> Aim of the task:
Apart from the images, reproduce every record word for word.

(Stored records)

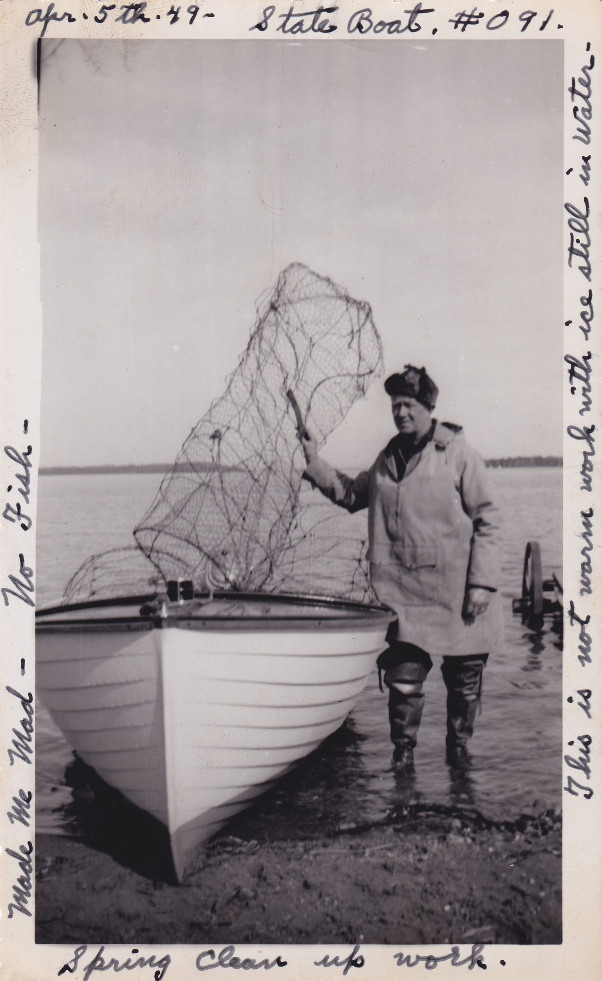 Black-and-White photograph of a man standing on the shore of Lake Champlain next to a boat. he is holding a fishing trap. Handwritten caption on front reads, "Spring clean up work. Made me mad. No fish. This is not warm work with ice still in water. Apr. 5, 49 - State boat #091."
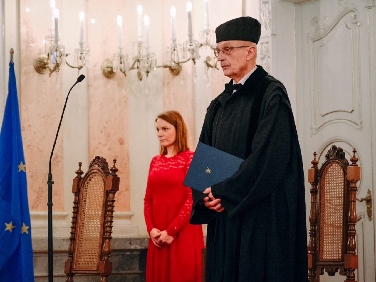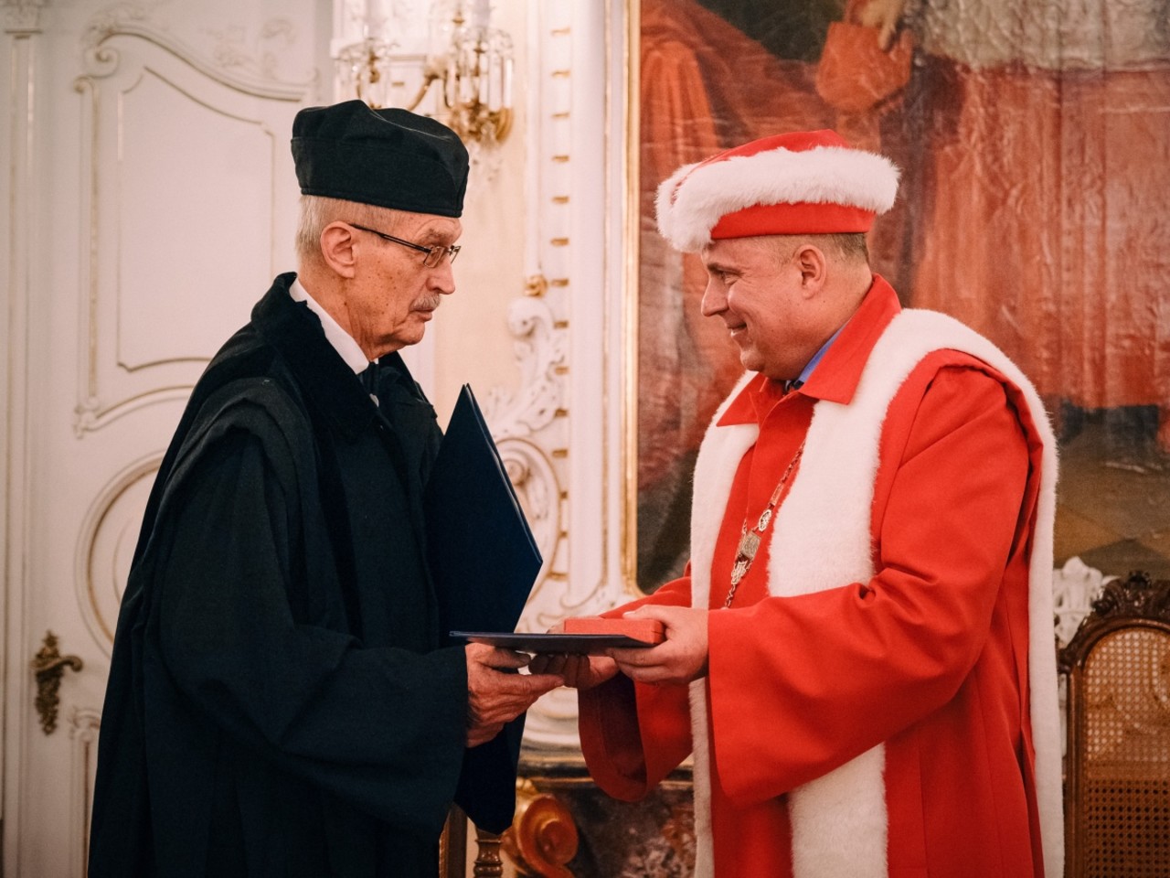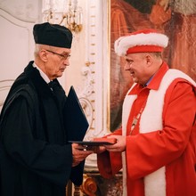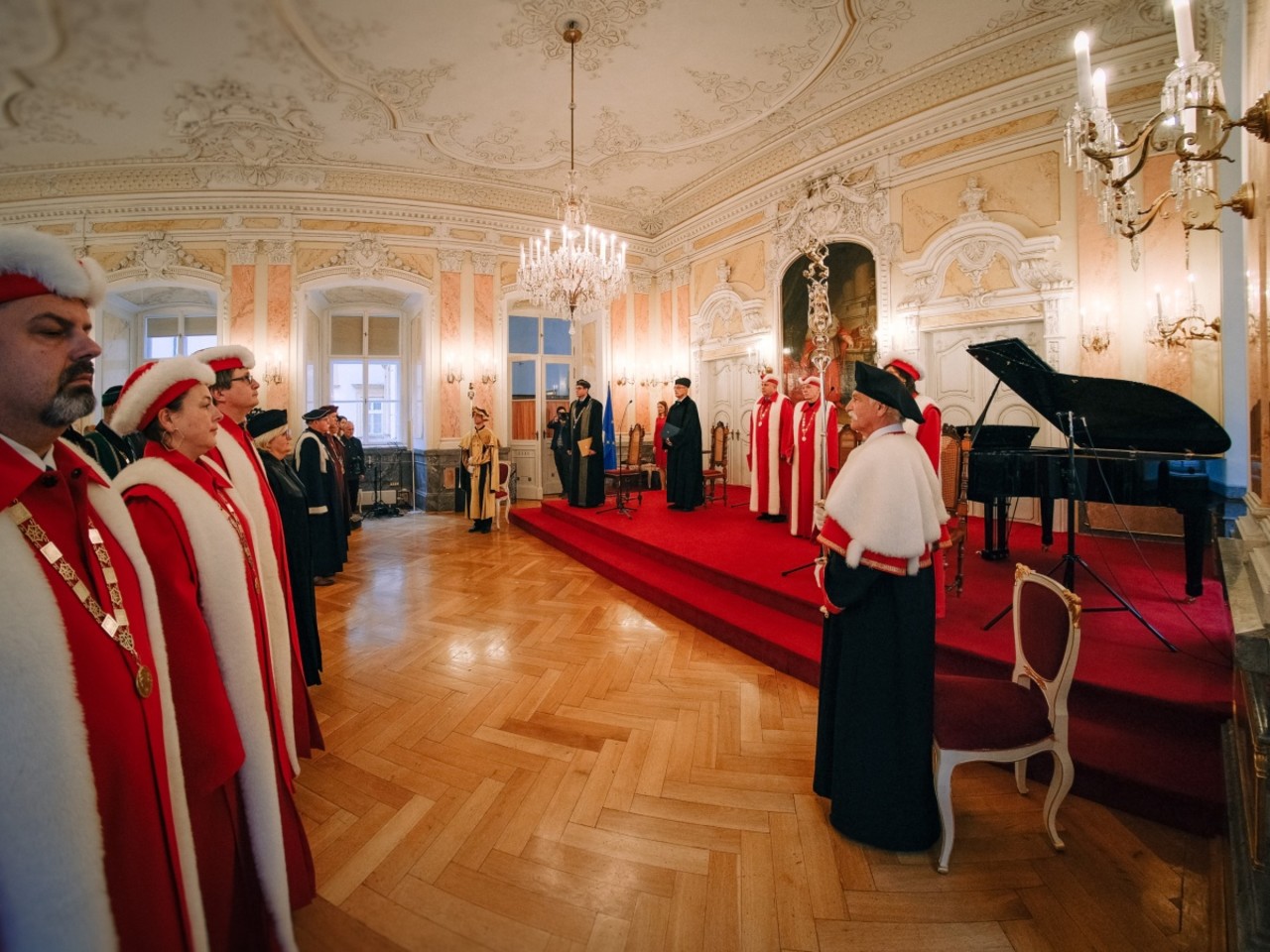 „S odstupem téměř padesáti let jsem z pražské matematicko-fyzikální fakulty dostal pozvánku na přednášku Christiana Krattenthalera s názvem ‚Hudba a matematika spolu souvisí. Je tomu skutečně tak?‘. Když Christian zjistil téma mé diplomové práce a zároveň dobu jejího vzniku, ptal se, z čeho jsem v roce 1971 vlastně vycházel. Poté mi poslal vůbec první práci, která k tématu vyšla v roce 1979… Nádherné je na tomto příběhu to, že profesor Jiroušek měl vizi, která se naplnila. Věřil, že symetrické polynomy nejsou mrtvý obor algebry. Mrzí mě, že jsem jeho naději, že budu v tomto oboru pokračovat, nedokázal naplnit. V kontextu té doby to opravdu nešlo. Je mi líto, že už není mezi námi a že se nemůže účastnit této pro mě velké pocty,“ uzavřel čerstvý nositel čestného doktorátu Univerzity Palackého a zároveň i její pamětní medaile.
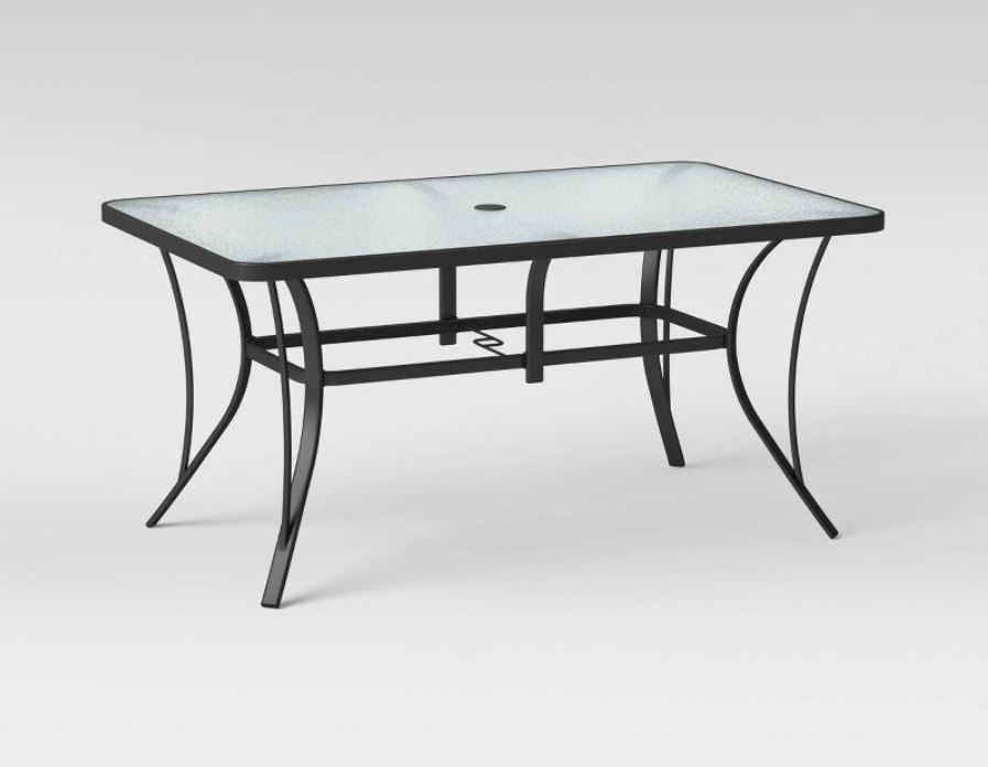 Dine al fresco in the comfort of your own backyard with this Six-Person Glass Rectangular Patio Dining Table in Gray from Room Essentials. With seating capacity for six, everyone is welcome. The thick tempered glass top includes a hole for an umbrella to help shade you while eating and socializing. The nearly one-and-a-half-inch rippled top is smooth to the touch to keep your beverages and dinnerware level. Enhance your patio space with this dining table to accommodate larger groups who wish to dine outdoors without the hassle of rearranging multiple tables together.
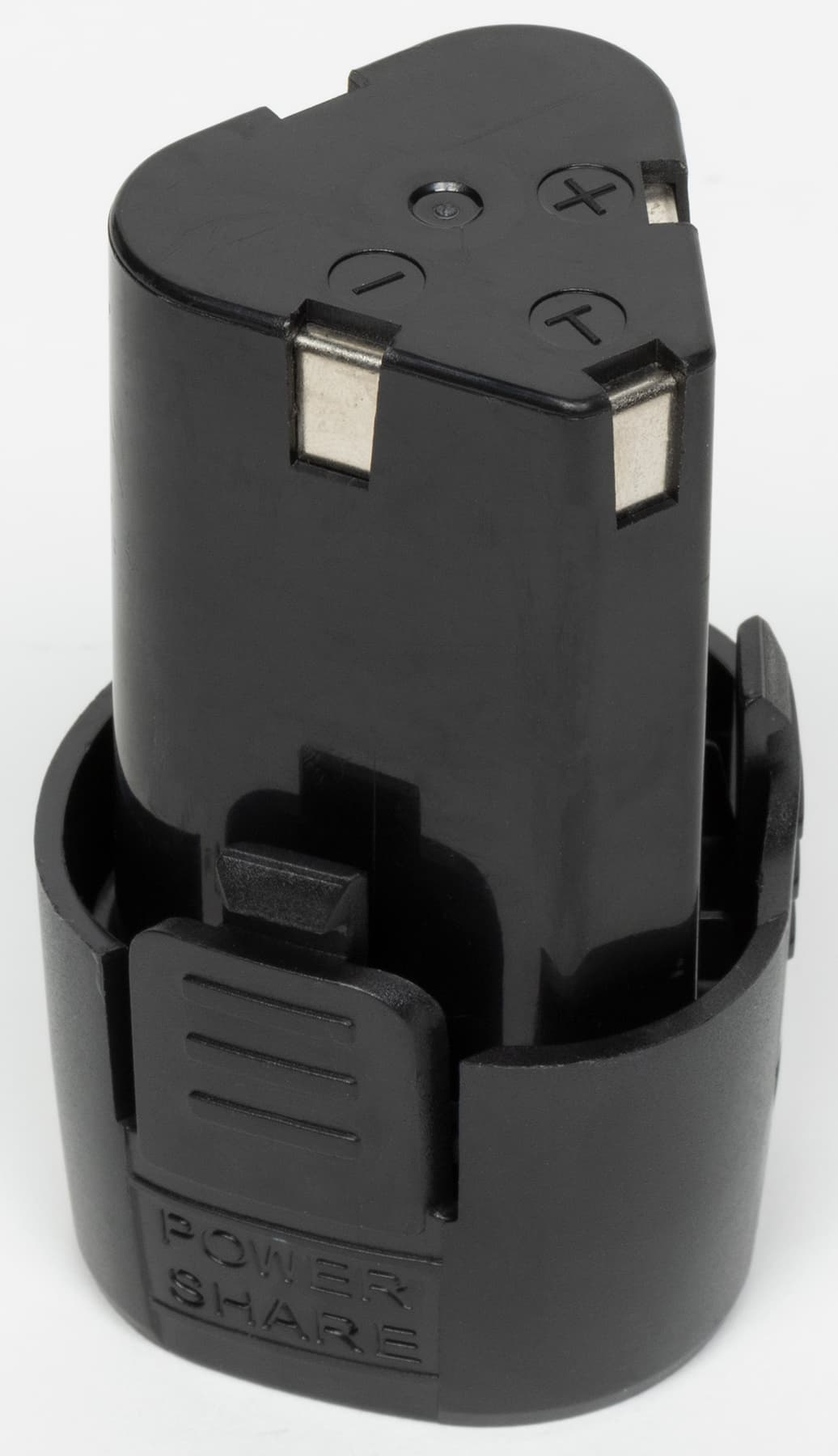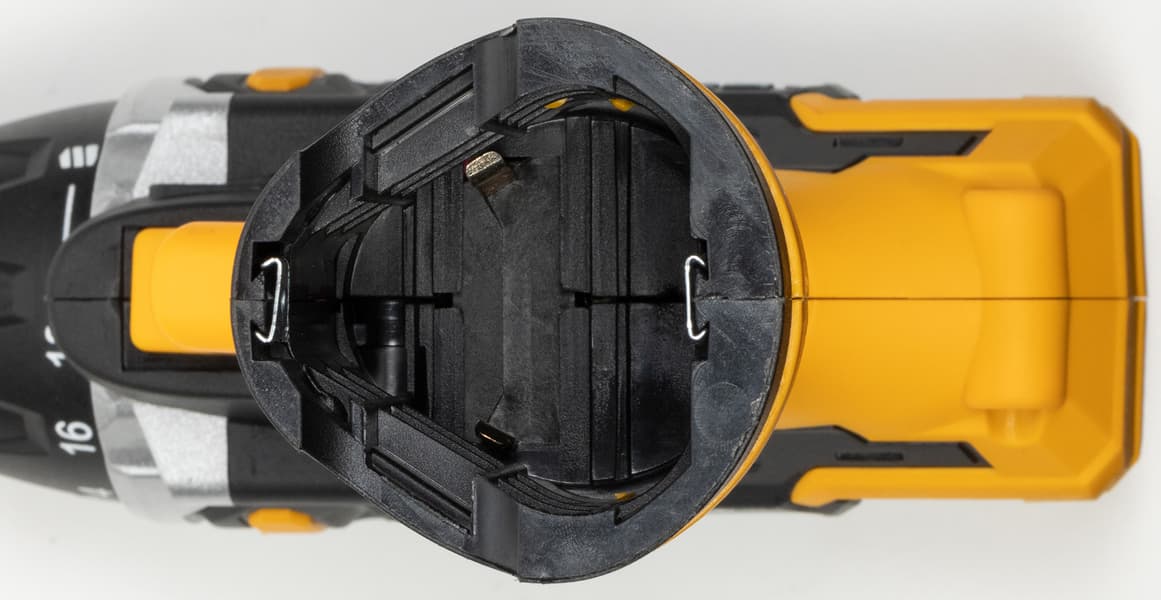Прилагаемый аккумулятор вставляется в подошву шуруповерта и плотно удерживается на месте. Отстегнуть аккумулятор с первого раза вряд ли получится, его удерживают два зацепа по бокам. Тут нужна сноровка.
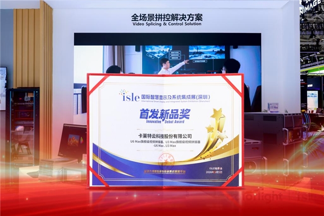 日前在深圳闭幕的ISLE 2026国际智慧显示及系统集成展上,卡莱特展出的U6 Max与U3 Max旗舰级视频拼接器荣获展会“首发新品奖”。作为U系列拼控家族的最新成员,两款产品在专业评审环节获得一致认可,成为本届展会拼控细分领域的亮点之一。
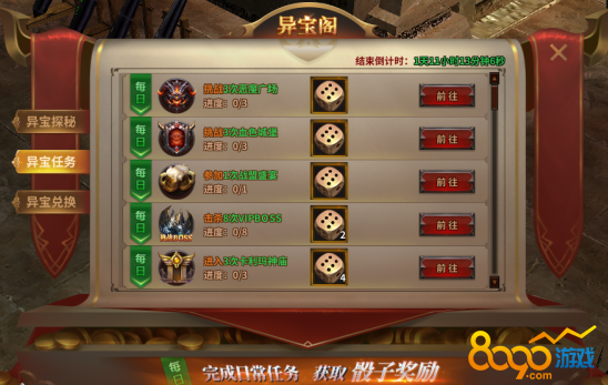 (2)异宝任务每日0点重置,千万不要错过哦;
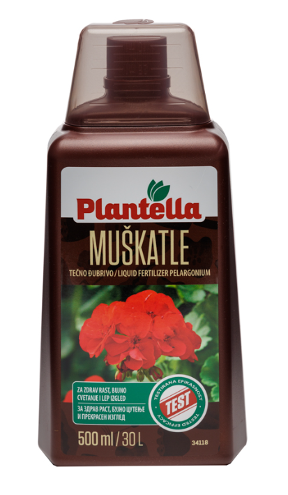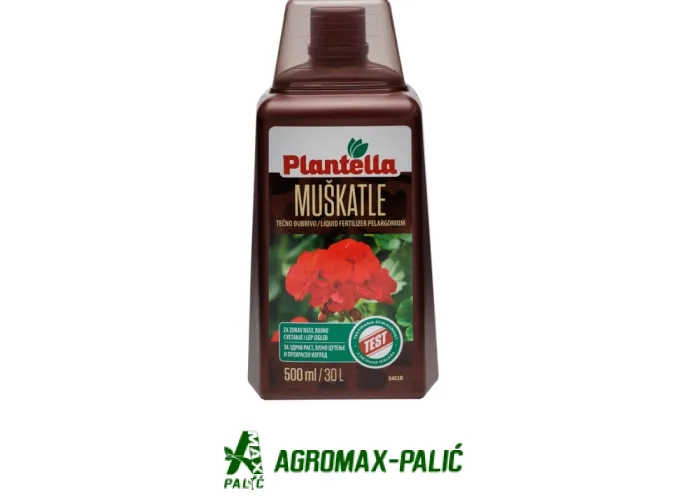 Tečno mineralno đubrivo za pelargonijume, muškatle obezbeđuje obilno cvetanje svih vrsta muškatla.
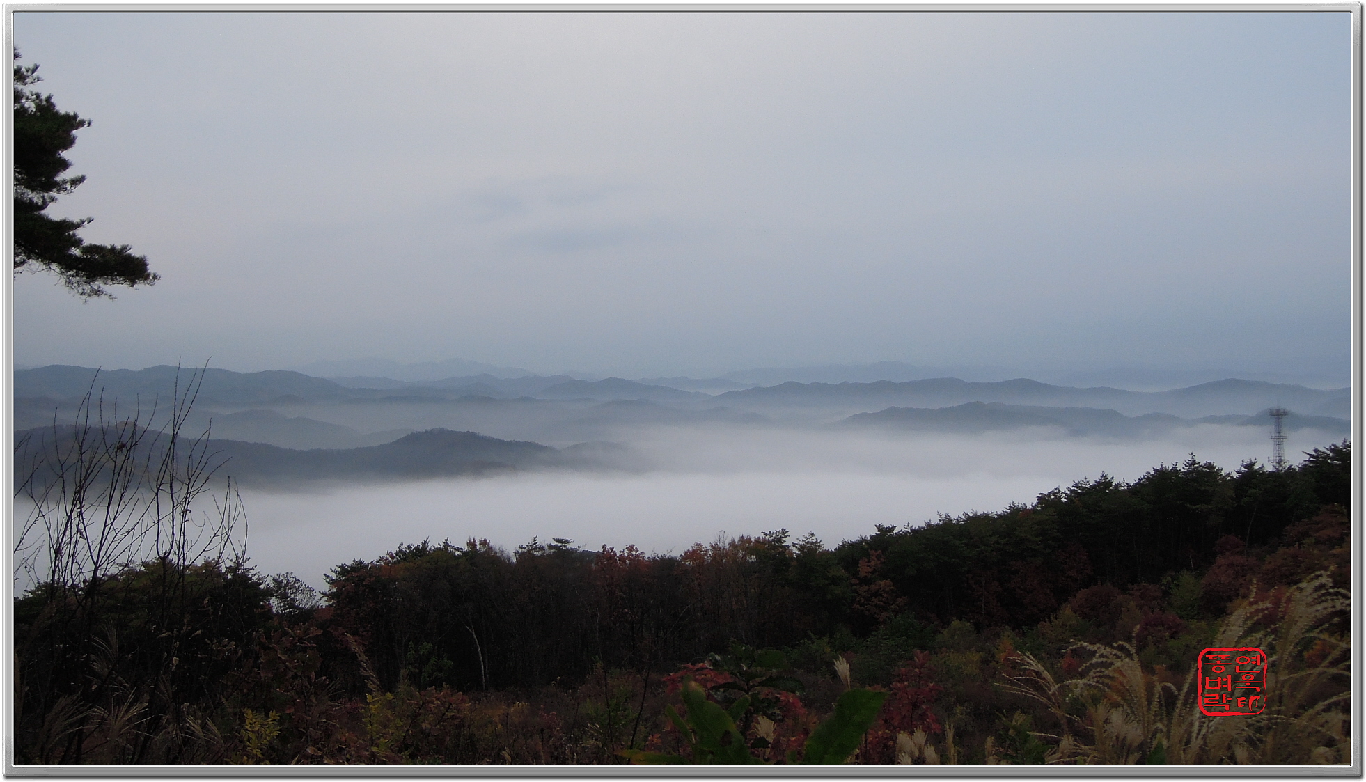 ↑ 운해 사이로 솟아 있는 비룡산

> Answer box:
 Black-and-White photograph of a man standing on the shore of Lake Champlain next to a boat. he is holding a fishing trap. Handwritten caption on front reads, "Spring clean up work. Made me mad. No fish. This is not warm work with ice still in water. Apr. 5, 49 - State boat #091."
 „S odstupem téměř padesáti let jsem z pražské matematicko-fyzikální fakulty dostal pozvánku na přednášku Christiana Krattenthalera s názvem ‚Hudba a matematika spolu souvisí. Je tomu skutečně tak?‘. Když Christian zjistil téma mé diplomové práce a zároveň dobu jejího vzniku, ptal se, z čeho jsem v roce 1971 vlastně vycházel. Poté mi poslal vůbec první práci, která k tématu vyšla v roce 1979… Nádherné je na tomto příběhu to, že profesor Jiroušek měl vizi, která se naplnila. Věřil, že symetrické polynomy nejsou mrtvý obor algebry. Mrzí mě, že jsem jeho naději, že budu v tomto oboru pokračovat, nedokázal naplnit. V kontextu té doby to opravdu nešlo. Je mi líto, že už není mezi námi a že se nemůže účastnit této pro mě velké pocty,“ uzavřel čerstvý nositel čestného doktorátu Univerzity Palackého a zároveň i její pamětní medaile.
 Dine al fresco in the comfort of your own backyard with this Six-Person Glass Rectangular Patio Dining Table in Gray from Room Essentials. With seating capacity for six, everyone is welcome. The thick tempered glass top includes a hole for an umbrella to help shade you while eating and socializing. The nearly one-and-a-half-inch rippled top is smooth to the touch to keep your beverages and dinnerware level. Enhance your patio space with this dining table to accommodate larger groups who wish to dine outdoors without the hassle of rearranging multiple tables together.
Прилагаемый аккумулятор вставляется в подошву шуруповерта и плотно удерживается на месте. Отстегнуть аккумулятор с первого раза вряд ли получится, его удерживают два зацепа по бокам. Тут нужна сноровка.
 日前在深圳闭幕的ISLE 2026国际智慧显示及系统集成展上,卡莱特展出的U6 Max与U3 Max旗舰级视频拼接器荣获展会“首发新品奖”。作为U系列拼控家族的最新成员,两款产品在专业评审环节获得一致认可,成为本届展会拼控细分领域的亮点之一。
 (2)异宝任务每日0点重置,千万不要错过哦;
 Tečno mineralno đubrivo za pelargonijume, muškatle obezbeđuje obilno cvetanje svih vrsta muškatla.
 ↑ 운해 사이로 솟아 있는 비룡산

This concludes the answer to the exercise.